§ Work to complete:
When you write out the listing below, keep each word exactly as it stands and drop the pictures.

━━━ Dataset extract ━━━

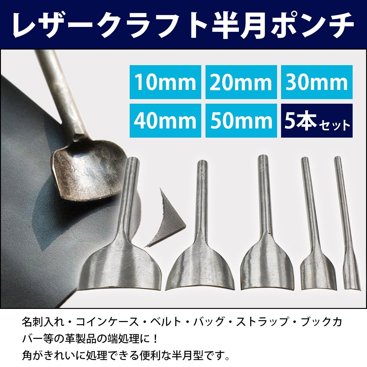 【新品即納】レザークラフト 工具 端落とし 半月型 浅円型 5点セット 革細工 鞄 靴 財布 レザー 小物 エンドポンチ へり 落とし ポンチ
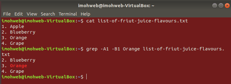Lastly, the –A and –B i.e. grep –A1 –B1 Orange friut-juice-flavours.txt can be combined into one single source to print a number of lines after and before matching the search pattern as shown below:
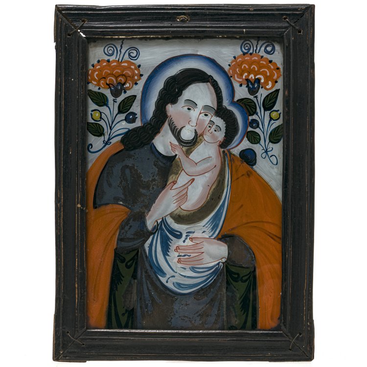 Sandl/Buchers, um 1850. Hl. Josef mit dem Jesuskind. Tempera/Glas. Farbablösungen. 29 x 19 cm.

━━━

§ Exercise answer:
 【新品即納】レザークラフト 工具 端落とし 半月型 浅円型 5点セット 革細工 鞄 靴 財布 レザー 小物 エンドポンチ へり 落とし ポンチ
Lastly, the –A and –B i.e. grep –A1 –B1 Orange friut-juice-flavours.txt can be combined into one single source to print a number of lines after and before matching the search pattern as shown below:
 Sandl/Buchers, um 1850. Hl. Josef mit dem Jesuskind. Tempera/Glas. Farbablösungen. 29 x 19 cm.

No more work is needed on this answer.